### Work item:
Using the entries below, copy exactly each line from the line with "در تصویر 2 مسیر" up to and including the line with "SESW - SESWT", with every picture left out.

### Dataset:
Content starts

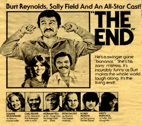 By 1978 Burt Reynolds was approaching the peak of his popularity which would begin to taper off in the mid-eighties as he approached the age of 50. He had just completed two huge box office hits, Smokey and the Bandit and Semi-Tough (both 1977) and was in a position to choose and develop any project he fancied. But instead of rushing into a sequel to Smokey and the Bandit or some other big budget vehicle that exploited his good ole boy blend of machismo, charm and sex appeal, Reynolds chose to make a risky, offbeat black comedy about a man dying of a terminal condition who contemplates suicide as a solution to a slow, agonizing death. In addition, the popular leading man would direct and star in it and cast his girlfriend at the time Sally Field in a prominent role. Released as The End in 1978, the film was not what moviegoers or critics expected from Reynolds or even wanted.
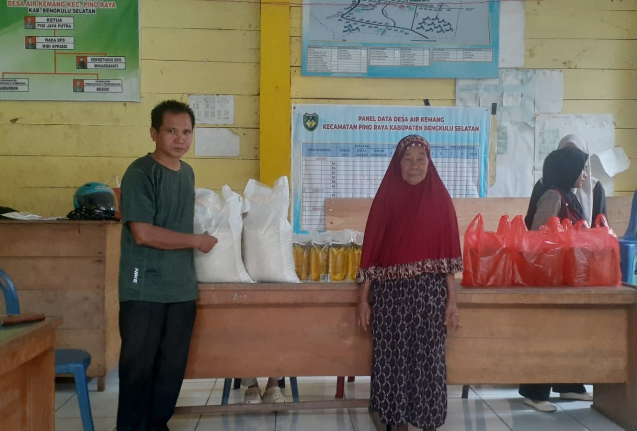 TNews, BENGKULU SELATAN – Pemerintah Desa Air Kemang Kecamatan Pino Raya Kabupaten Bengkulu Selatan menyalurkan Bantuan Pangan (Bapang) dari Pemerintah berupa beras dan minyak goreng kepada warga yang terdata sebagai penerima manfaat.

Content ends
Content starts

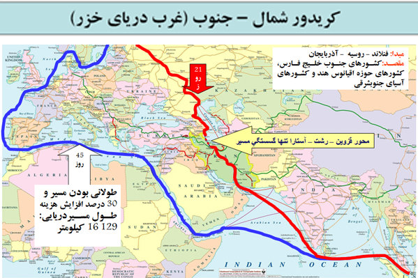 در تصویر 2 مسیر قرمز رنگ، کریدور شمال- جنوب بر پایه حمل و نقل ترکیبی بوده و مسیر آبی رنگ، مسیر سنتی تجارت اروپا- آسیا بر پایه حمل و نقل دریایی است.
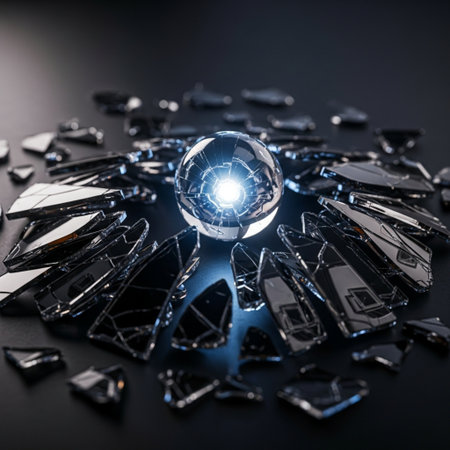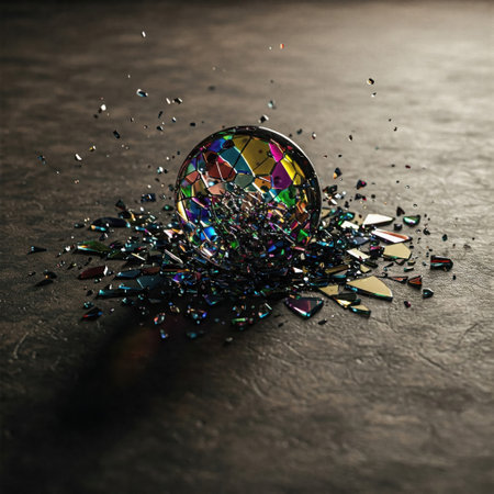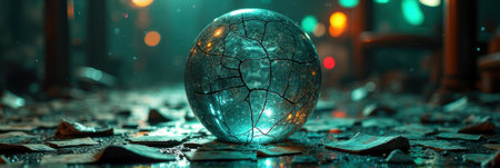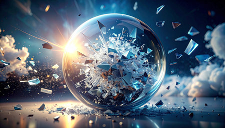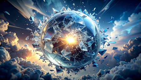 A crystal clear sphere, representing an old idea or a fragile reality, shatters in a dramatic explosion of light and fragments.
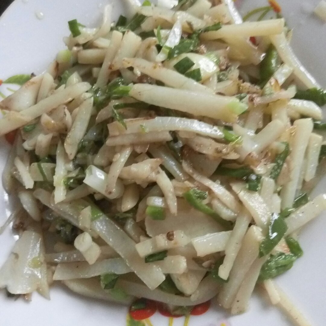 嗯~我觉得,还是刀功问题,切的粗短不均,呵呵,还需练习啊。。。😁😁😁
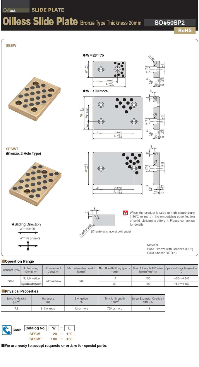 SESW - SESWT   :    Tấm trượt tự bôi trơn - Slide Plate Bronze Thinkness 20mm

Content ends

### Response box:
 در تصویر 2 مسیر قرمز رنگ، کریدور شمال- جنوب بر پایه حمل و نقل ترکیبی بوده و مسیر آبی رنگ، مسیر سنتی تجارت اروپا- آسیا بر پایه حمل و نقل دریایی است.
 A crystal clear sphere, representing an old idea or a fragile reality, shatters in a dramatic explosion of light and fragments.
 嗯~我觉得,还是刀功问题,切的粗短不均,呵呵,还需练习啊。。。😁😁😁
 SESW - SESWT   :    Tấm trượt tự bôi trơn - Slide Plate Bronze Thinkness 20mm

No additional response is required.